According to some embodiments, the receipt of this parametric wave results in a modification to the response of the RFID tag. This modification can consist in reducing the strength of the response signal. Therefore, the response signal may not be received by the RFID reader. This modification can further consist in modifying the content of the response signal, by modifying, for example, a bit in the response signal.
According to a first embodiment, the strength of the response signal is reduced when the acoustic sensor receives a sound signal of frequency f1−f2. In this embodiment, the RFID tag is a passive tag including an RFID chip coupled to a magnetic antenna. The acoustic sensor is a capacitive sensor coupled to the magnetic antenna of the tag so as to modify the resonant frequency of the magnetic antenna when the acoustic sensor receives a signal of frequency f1−f2. The magnetic antenna of the tag is therefore detuned for receiving the interrogation signal and emitting the response signal. The response signal retro-modulated by the tag is therefore reduced in strength. If the strength of the response signal retro-modulated by the tag is significantly reduced, it may be such that it falls below the receipt threshold of the RFID reader. The RFID reader no longer receives the response signal from the tag and acts as if it has received a modified response signal.
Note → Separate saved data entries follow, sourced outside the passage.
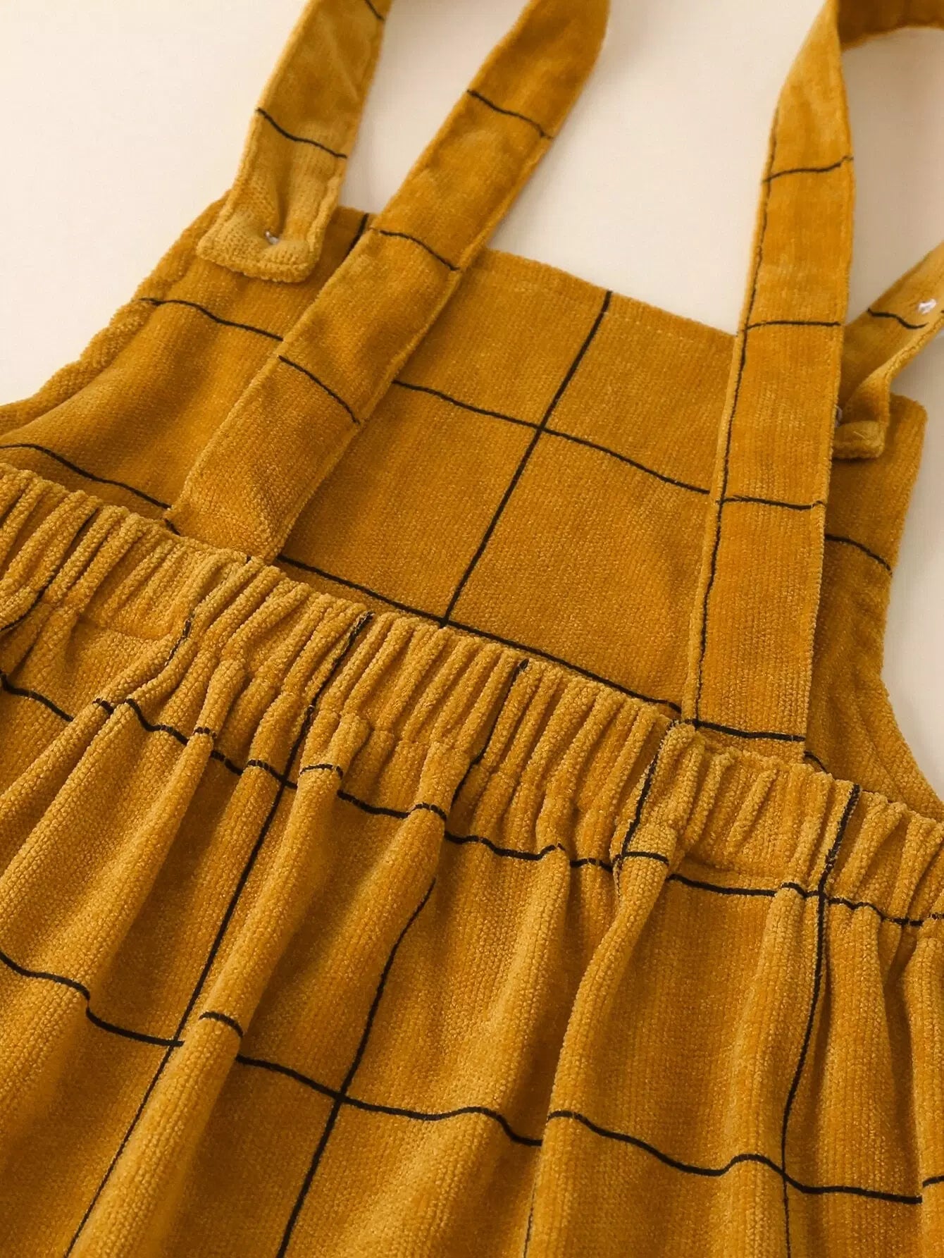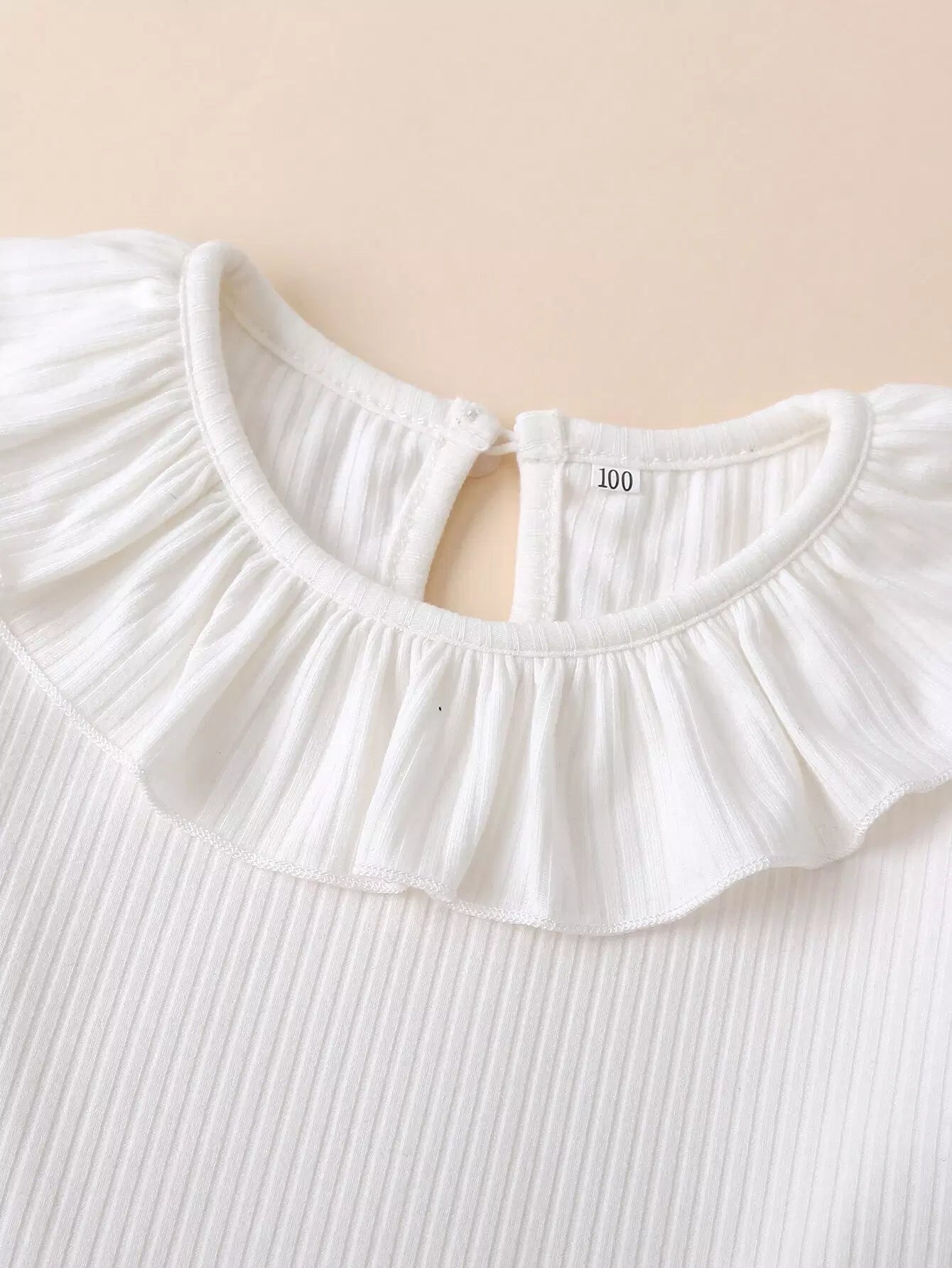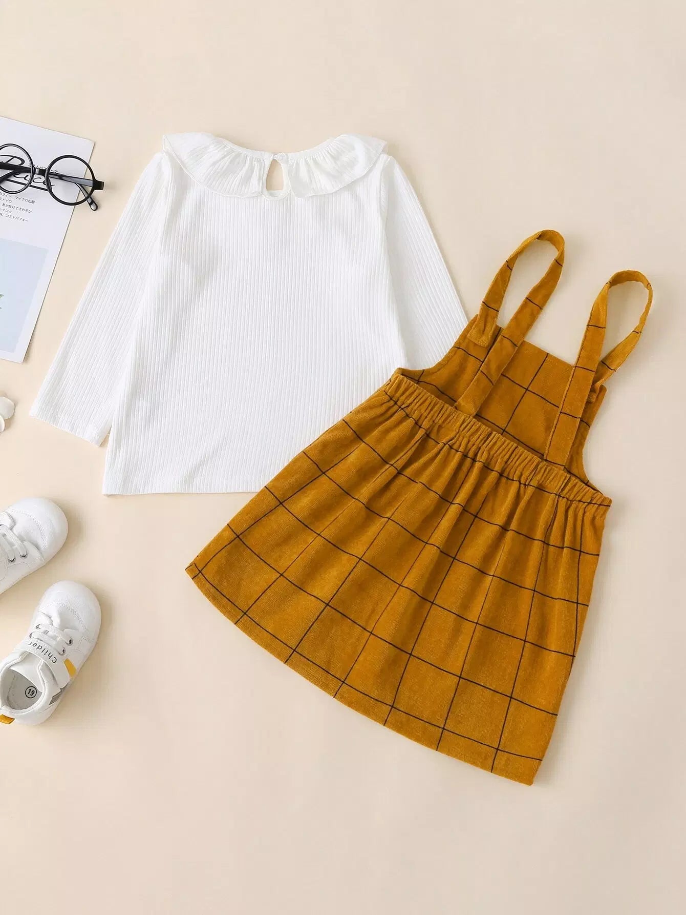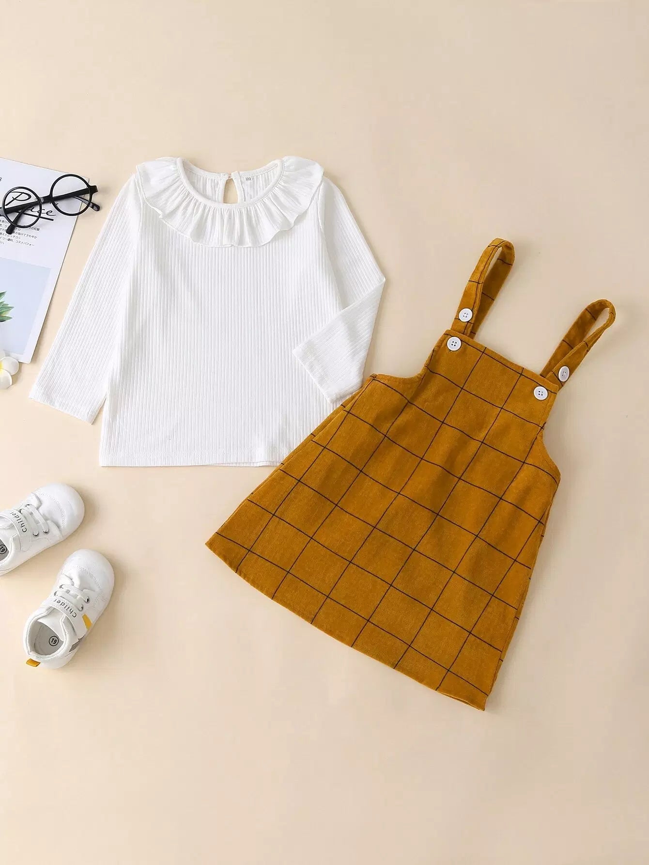 طقم تي شيرت بحواف مكشكشة للطفلة الصغيرة وفستان منقوش
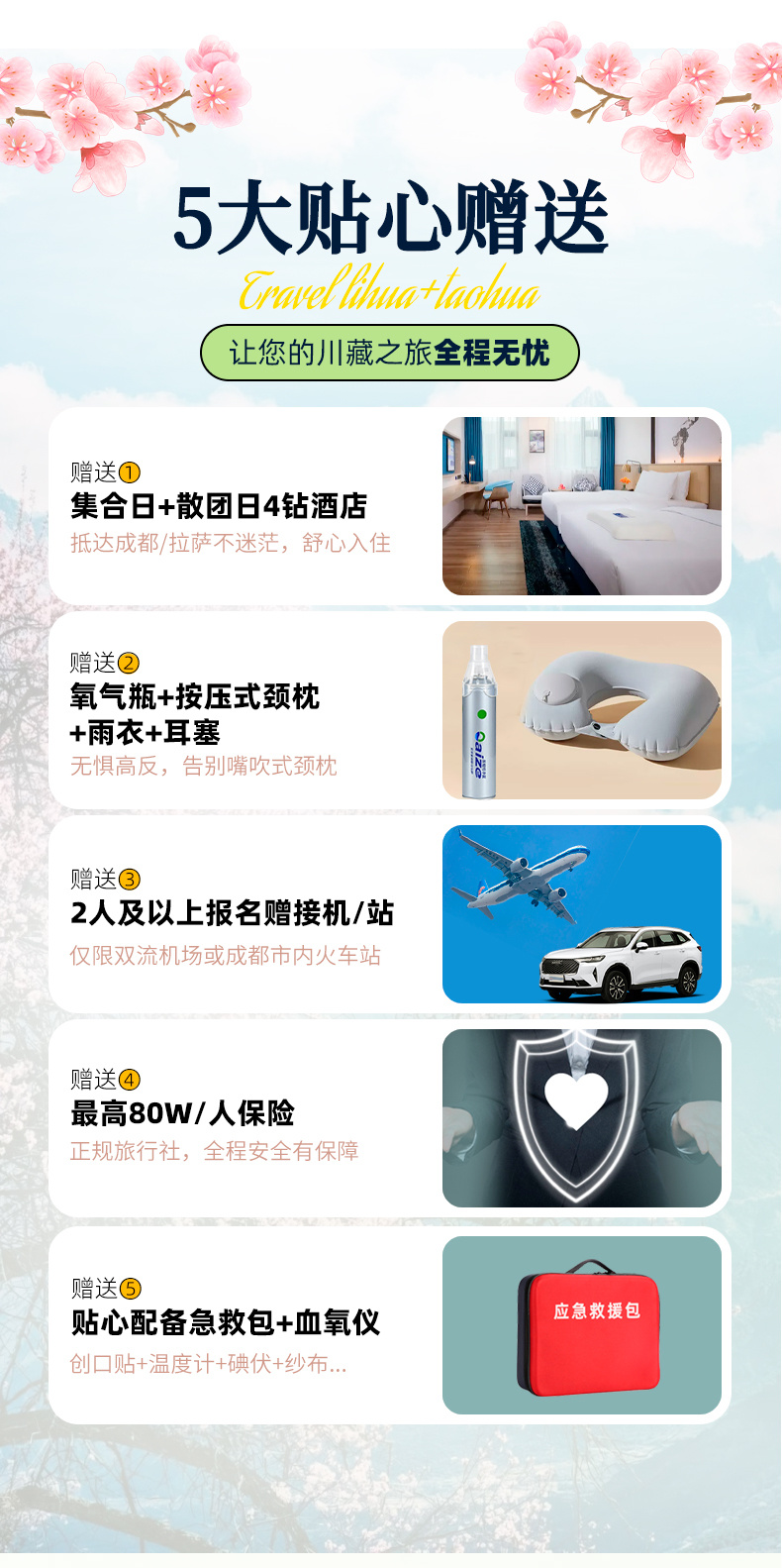 5、2人及以上报名赠成都双流机场接机/市内火车站接站(成都东站/成都南站/成都西站)1次,天府机场接机需自理费用。
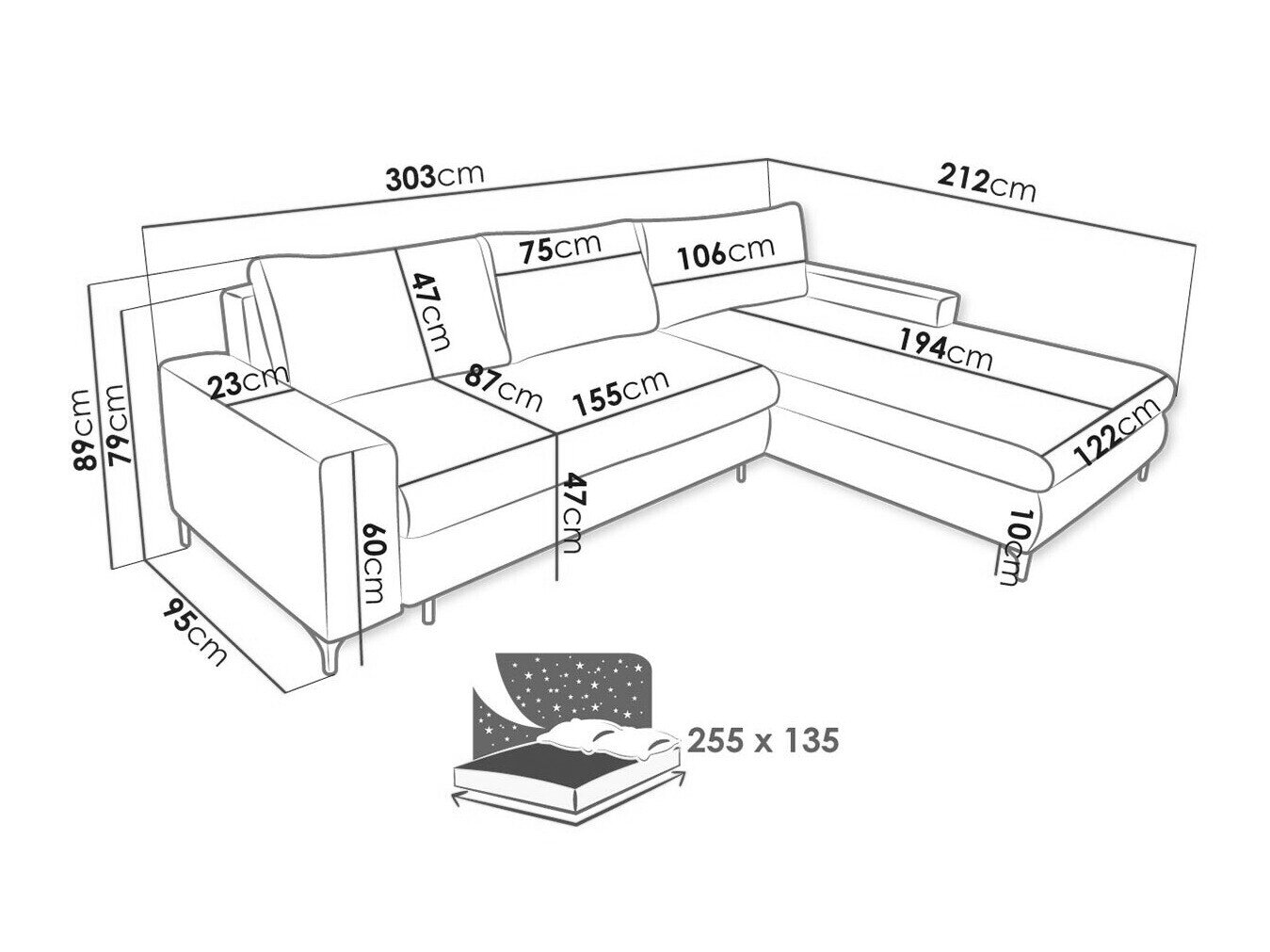 Sengekasse dimensioner:
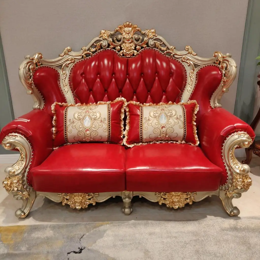Home Movable Housing Furniture & Household Appliances Living Room Furniture Sofa Foshan Haoyu Furniture Factory New Design Antique Sofa European Style solid wood hand craved Classic chesterfield Genuine Leather Sofa Sets
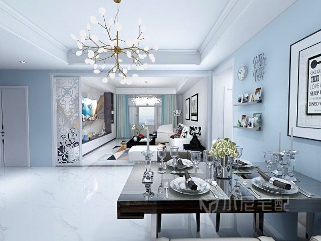 水青色的壁紙,回家到,可以洗去一天的疲勞
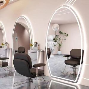 网红潮款理发店发廊专用美发剪发烫染镜台壁挂款式带灯
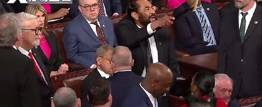 79岁议员拄拐硬刚特朗普,被架出会场仍嘴硬 美国两党互撕又整新活,真实剧情笑不活了!当地时间2025年3月4日,特朗普重返白宫后的首次国会演讲,刚开讲7分钟就被“老对手”民主党议员阿尔·格林搅局。 79岁的格林拄着拐杖突然起身,对着特朗普高喊“你没有授权”,还怒怼他无权削减医保项目,任凭议长约翰逊敲破议事槌警告,硬是不坐下。最后国会警卫没辙,直接把他架离现场,演讲被迫中断。 现场瞬间炸锅:共和党人齐喊“美国”反击,民主党人嘘声连片,不少议员干脆中途离场。这可不是两人第一次结梁子,格林曾两度弹劾特朗普,术后刚康复就赶回国会搅黄共和党计划。被赶后他还淡定表示“为了8000万医保受益者,值了”,后续遭众议院谴责,还放话30天内再弹劾,这梁子算是结死了!网友调侃:“这哪是国会演讲,分明是两党‘呐喊大赛’现场!”
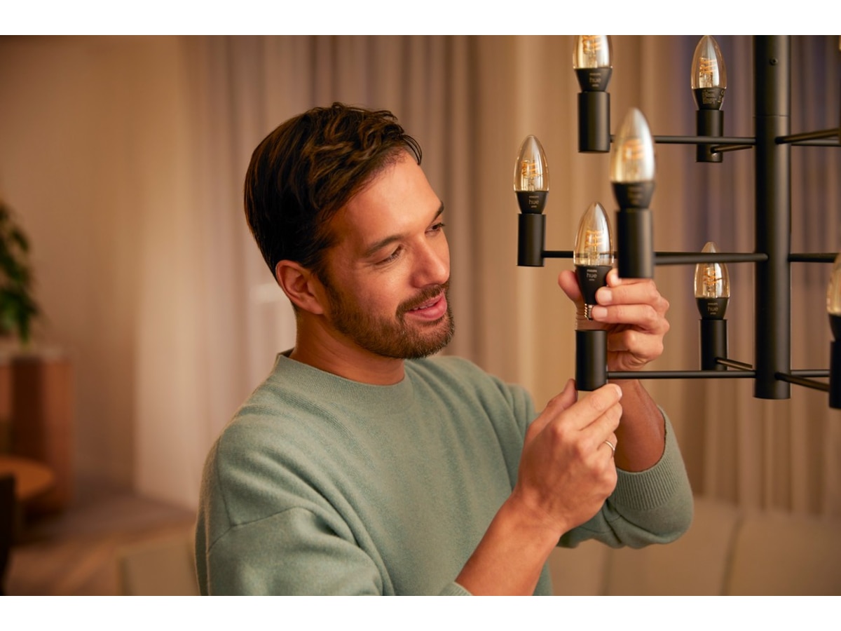 B39-formen och dess E14 sockel passar de flesta mindre armaturer och likaså perfekt för kristallkronor som kräver flera mindre ljuskällor som skapar en unik touch till ditt vardagsrum eller annan yta där du vill skapa atmosfär. Hue White ger dig grundläggande funktionaliteter och ger dig ett fantastiskt ljus och komfort genom kontroll hemma som borta.
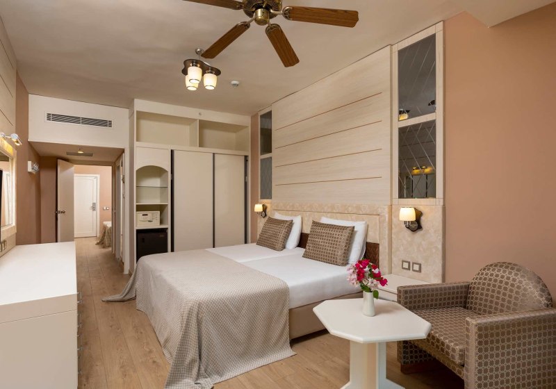 Für Familien bieten sich Einheiten mit separatem Schlafzimmer und Verbindungstür an. So teilt Ihr Raum, ohne auf Rückzug zu verzichten. Die schlüssige Zimmerausstattung ergänzt das Gesamtpaket aus Strandlage, Poolbereichen und Gastronomie. Ihr entscheidet, ob Ihr den Tag auf dem Balkon ausklingen lasst oder den Schritt zur Bar wählt – die Wege bleiben kurz, der Ablauf bleibt übersichtlich.
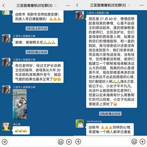 功夫不负苦心人!在捷克论坛 呼吸治疗团队400多条视频、语音、文字信息的指导下,患者情况一天天好起来,终于在1月31日除夕当天完全脱离呼吸机。见到母亲脱机后生命体征平稳,彻底痊愈指日可待,小陈满怀感激地写下这段文字,感恩韩小彤主任团队的专业指导和无私帮助!
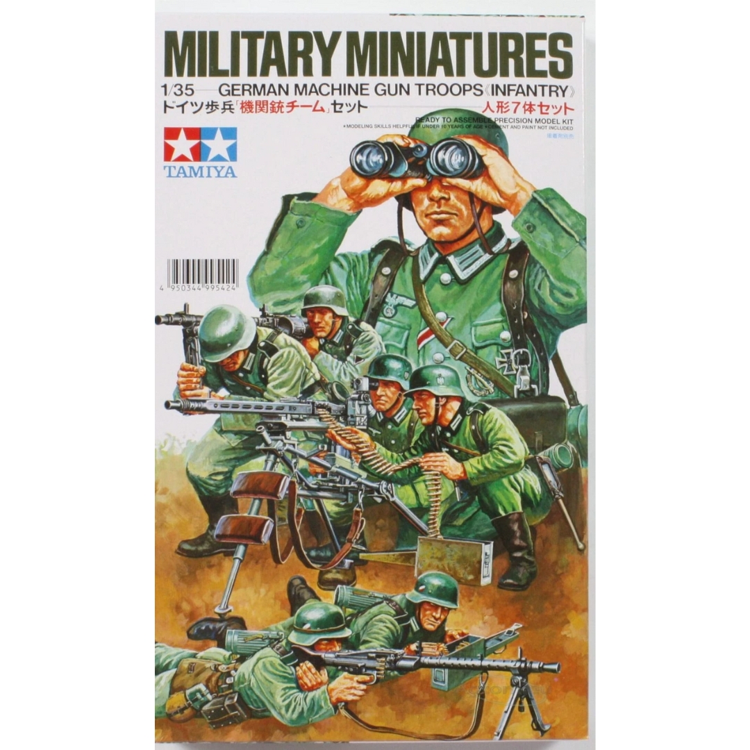 Este es un kit de ensamblaje de modelo de plástico a escala 1/35 que representa a soldados alemanes de la Segunda Guerra Mundial con ametralladoras MG34 y MG42. ★Incluye piezas para hacer tres equipos diferentes de artillero y cargador, además de un comandante con binoculares para siete figuras en total.

The tag is thus located in the zone of sound.
According to another embodiment, the RFID tag is an active or semi-passive tag including an RFID chip coupled to a magnetic antenna, the acoustic sensor is a piezoelectric sensor powered by the RFID tag and the RFID tag is further equipped with a microcontroller powered by the RFID tag and capable of writing in a registry of the RFID chip of the at least one RFID tag. The acoustic sensor, the RFID chip and the microcontroller are arranged such that the microcontroller modifies the state of the registry of the RFID chip when the acoustic sensor receives a signal of frequency f1−f2, the state of the registry being contained in the response signal from the at least one tag.
According to another embodiment, the RFID tag is an active or semi-passive tag including an RFID chip coupled to a magnetic antenna and the acoustic sensor is a resistive sensor powered by the tag. The resistance varies according to the frequency of the acoustic signal captured such that the acoustic sensor has a first resistance value when the acoustic signal captured has a frequency f1−f2 and a second resistance value when the acoustic signal captured has a frequency f1 or f2. The acoustic sensor and the RFID chip are arranged such that the RFID chip writes in one of its registries a state representative of the value of the resistance of the acoustic sensor, the state of the registry being contained in the response signal from the at least one tag.
According to a specific embodiment, the acoustic sensor is a sensor printed on a substrate of the tag.
According to a specific embodiment, the system further includes a control circuit coupled to the RFID reader, the control circuit being able to move the position of the at least one ultrasound generator in order to move the zone of sound. The RFID reader can therefore locate, zone-by-zone, the RFID tags present in the predetermined space.
Advantageously, the system includes a plurality of ultrasound generators positioned in the predetermined space or near to the predetermined space in order to scan all of the predetermined space with the signals of frequency f1−f2.
According to a specific embodiment, each ultrasound generator includes a plurality of basic ultrasound sources distributed on a disc of diameter D.
According to one advantageous embodiment, the ratio D/λ is greater than 4.7, where λ is the wavelength of the signal of frequency f1 or f2.
According to a specific embodiment, the frequencies f1 and f2 are between 40 kHz and 200 kHz, preferably between 40 kHz and 100 kHz in order to limit the reduction in signal strength and thus increase the zone of sound created. According to a specific embodiment, the frequency f1−f2 is between 15 kHz and 20 kHz, preferably between 18 kHz and 20 kHz so as not to be audible to the human ear.
According to a specific embodiment, the ultrasound signals of frequency f1 and f2 are emitted over one or more time periods with a duration of less than 15 ms. Below this duration, the human ear does not perceive the presence of a sound signal.
These and other advantages will become apparent to those of ordinary skill in the art upon reading the following examples, illustrated by the accompanying figures, provided for the purposes of illustration only.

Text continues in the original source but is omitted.